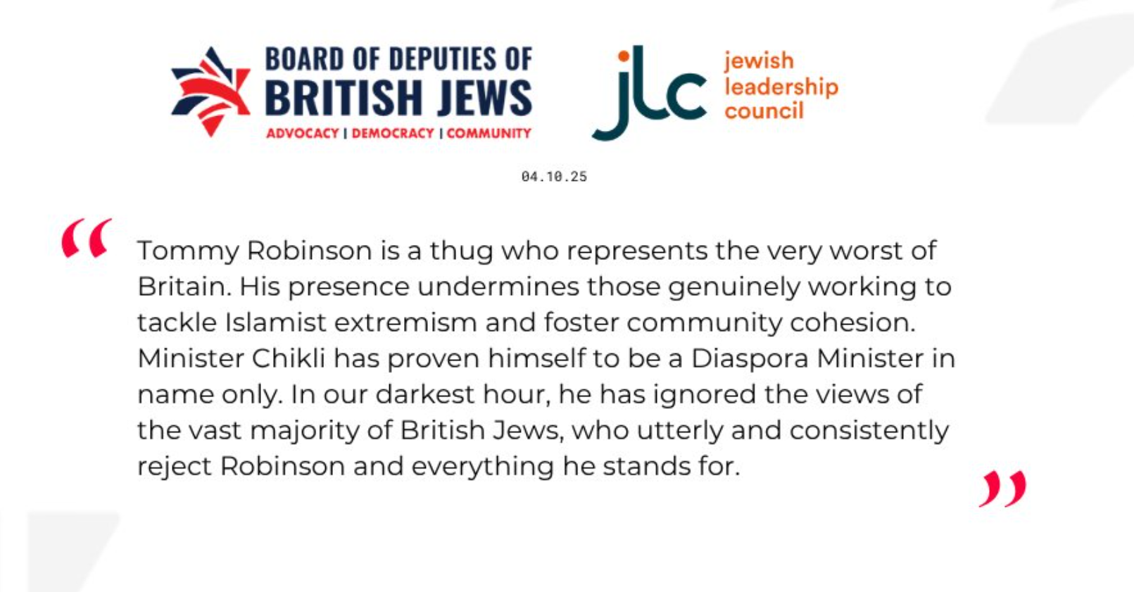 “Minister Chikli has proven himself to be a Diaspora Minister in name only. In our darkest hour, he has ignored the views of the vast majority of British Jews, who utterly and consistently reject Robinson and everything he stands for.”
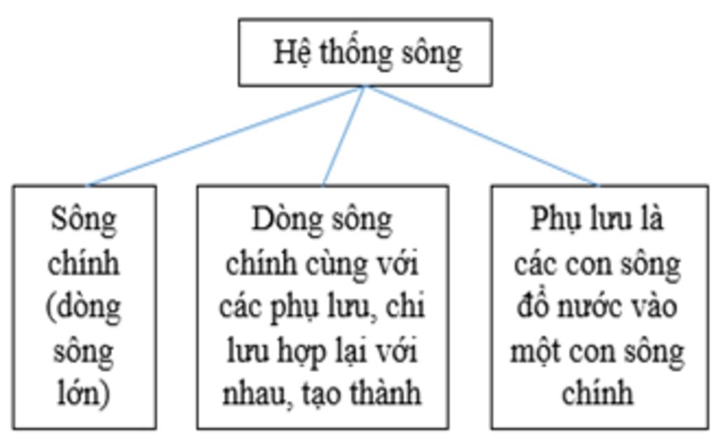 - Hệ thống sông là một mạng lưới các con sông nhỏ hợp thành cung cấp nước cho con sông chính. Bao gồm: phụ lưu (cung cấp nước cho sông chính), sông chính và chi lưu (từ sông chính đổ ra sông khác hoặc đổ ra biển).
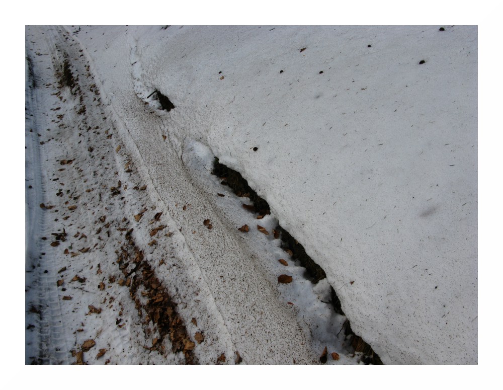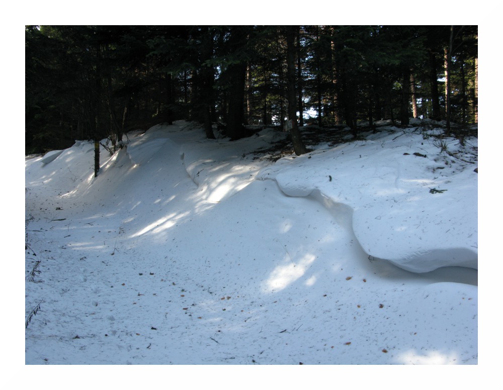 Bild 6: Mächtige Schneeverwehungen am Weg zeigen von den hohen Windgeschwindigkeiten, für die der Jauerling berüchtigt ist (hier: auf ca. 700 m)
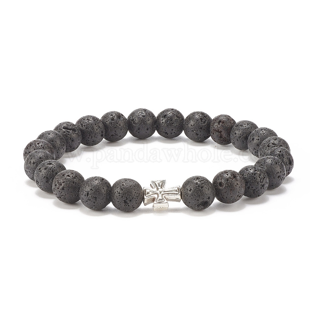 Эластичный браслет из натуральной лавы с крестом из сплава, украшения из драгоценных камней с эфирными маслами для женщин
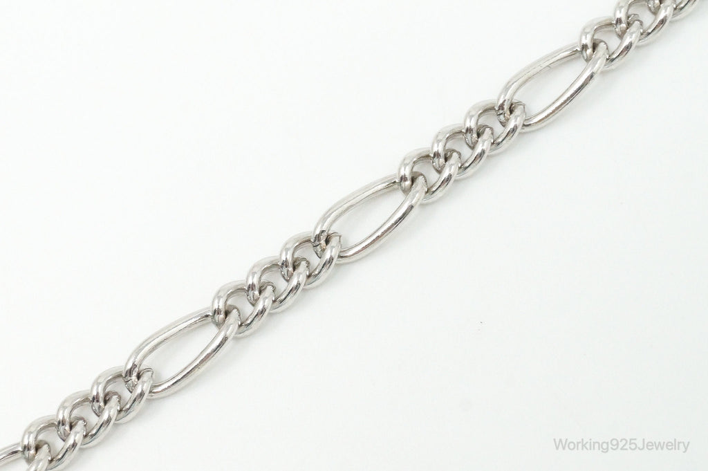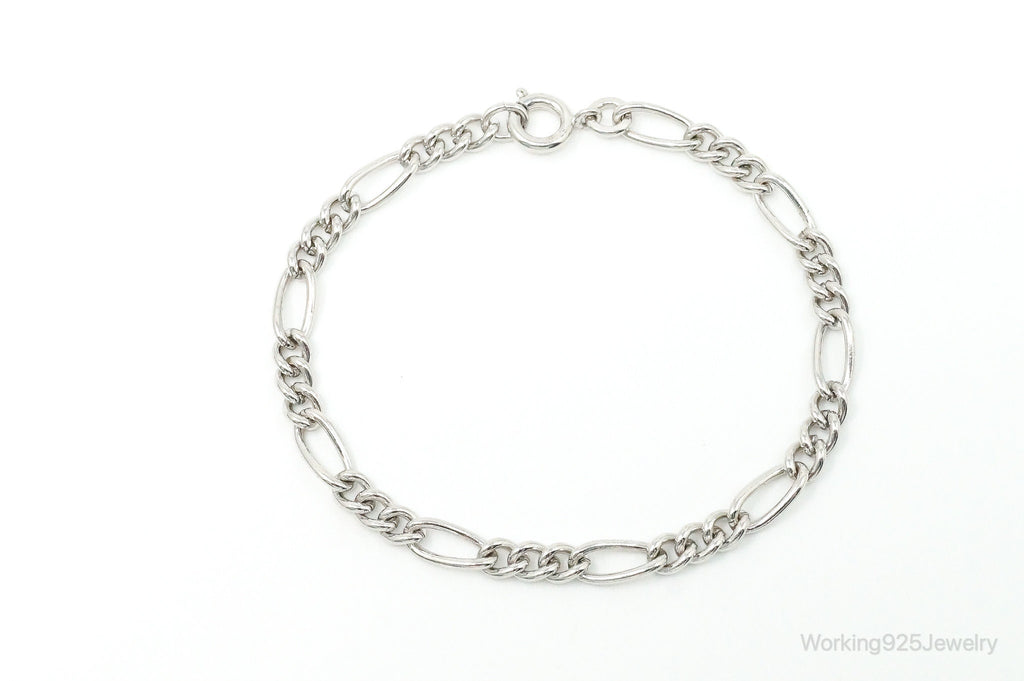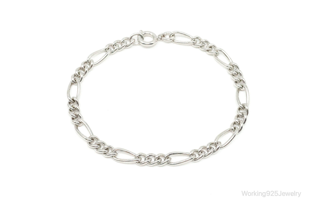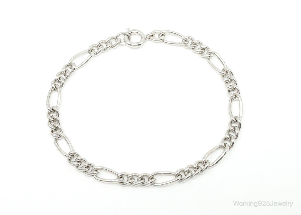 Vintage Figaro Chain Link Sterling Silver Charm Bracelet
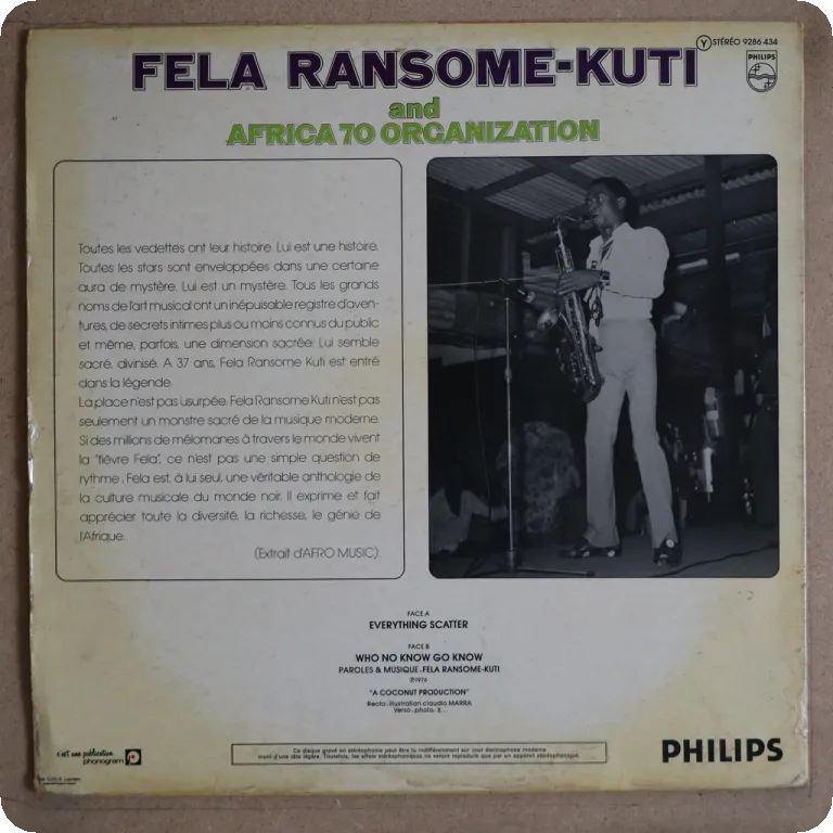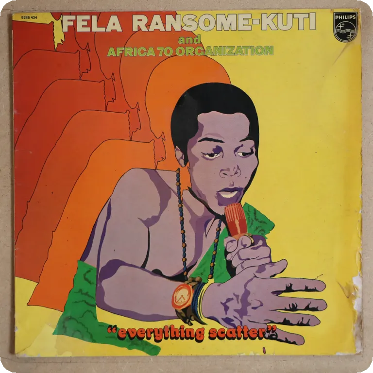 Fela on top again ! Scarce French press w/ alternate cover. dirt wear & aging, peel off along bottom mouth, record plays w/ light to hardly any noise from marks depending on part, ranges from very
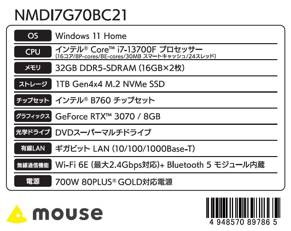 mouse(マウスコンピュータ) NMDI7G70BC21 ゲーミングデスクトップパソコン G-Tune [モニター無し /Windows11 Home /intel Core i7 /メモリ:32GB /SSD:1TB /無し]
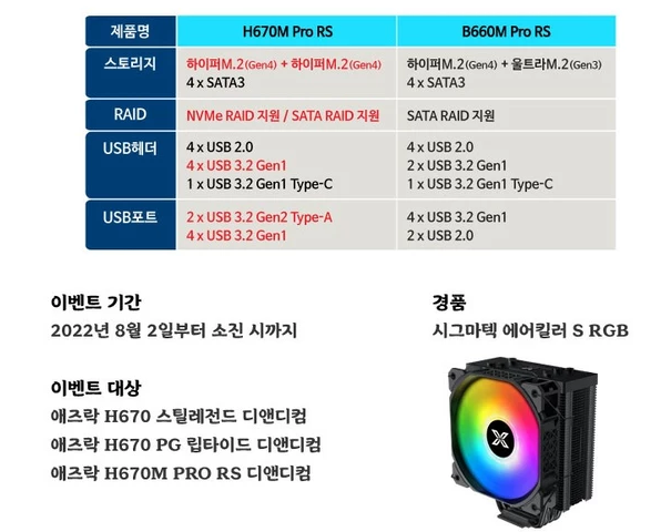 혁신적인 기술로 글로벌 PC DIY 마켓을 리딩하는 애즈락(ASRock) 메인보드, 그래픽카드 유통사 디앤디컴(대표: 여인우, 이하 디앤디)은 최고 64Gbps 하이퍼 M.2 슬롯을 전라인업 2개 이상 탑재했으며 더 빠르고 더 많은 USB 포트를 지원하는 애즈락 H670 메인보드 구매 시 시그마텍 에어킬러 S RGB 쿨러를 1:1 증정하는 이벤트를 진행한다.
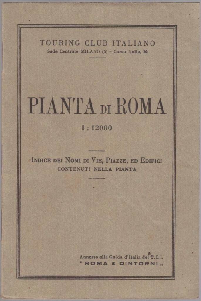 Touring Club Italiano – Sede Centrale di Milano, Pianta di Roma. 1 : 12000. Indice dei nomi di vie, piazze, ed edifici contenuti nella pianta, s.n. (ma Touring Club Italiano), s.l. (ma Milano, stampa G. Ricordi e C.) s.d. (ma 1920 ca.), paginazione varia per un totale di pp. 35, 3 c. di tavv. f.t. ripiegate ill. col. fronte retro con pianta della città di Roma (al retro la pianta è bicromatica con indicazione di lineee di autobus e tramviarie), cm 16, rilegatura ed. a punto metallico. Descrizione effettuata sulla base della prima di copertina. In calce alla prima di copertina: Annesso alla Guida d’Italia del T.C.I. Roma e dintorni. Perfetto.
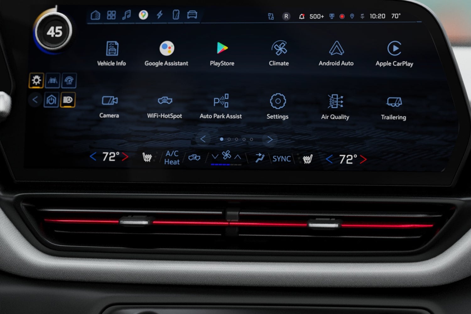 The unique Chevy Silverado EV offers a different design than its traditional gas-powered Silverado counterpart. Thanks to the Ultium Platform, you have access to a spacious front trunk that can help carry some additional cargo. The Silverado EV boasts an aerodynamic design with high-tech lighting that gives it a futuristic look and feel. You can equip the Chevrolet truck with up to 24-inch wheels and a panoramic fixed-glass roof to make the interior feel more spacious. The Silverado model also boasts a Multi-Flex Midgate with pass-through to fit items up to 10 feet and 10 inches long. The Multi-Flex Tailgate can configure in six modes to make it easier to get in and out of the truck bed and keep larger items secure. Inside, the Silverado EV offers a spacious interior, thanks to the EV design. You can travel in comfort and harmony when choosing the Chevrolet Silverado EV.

------------

Starting at the line above that contains "mouse(マウスコンピュータ) NMDI7G70BC21 ゲーミングデスクトップパソコン", transcribe every line exactly through the line that contains "Touring Club Italiano –", including that last one, and skip the pictures.

▶ Solution for this task:
 mouse(マウスコンピュータ) NMDI7G70BC21 ゲーミングデスクトップパソコン G-Tune [モニター無し /Windows11 Home /intel Core i7 /メモリ:32GB /SSD:1TB /無し]
 혁신적인 기술로 글로벌 PC DIY 마켓을 리딩하는 애즈락(ASRock) 메인보드, 그래픽카드 유통사 디앤디컴(대표: 여인우, 이하 디앤디)은 최고 64Gbps 하이퍼 M.2 슬롯을 전라인업 2개 이상 탑재했으며 더 빠르고 더 많은 USB 포트를 지원하는 애즈락 H670 메인보드 구매 시 시그마텍 에어킬러 S RGB 쿨러를 1:1 증정하는 이벤트를 진행한다.
 Touring Club Italiano – Sede Centrale di Milano, Pianta di Roma. 1 : 12000. Indice dei nomi di vie, piazze, ed edifici contenuti nella pianta, s.n. (ma Touring Club Italiano), s.l. (ma Milano, stampa G. Ricordi e C.) s.d. (ma 1920 ca.), paginazione varia per un totale di pp. 35, 3 c. di tavv. f.t. ripiegate ill. col. fronte retro con pianta della città di Roma (al retro la pianta è bicromatica con indicazione di lineee di autobus e tramviarie), cm 16, rilegatura ed. a punto metallico. Descrizione effettuata sulla base della prima di copertina. In calce alla prima di copertina: Annesso alla Guida d’Italia del T.C.I. Roma e dintorni. Perfetto.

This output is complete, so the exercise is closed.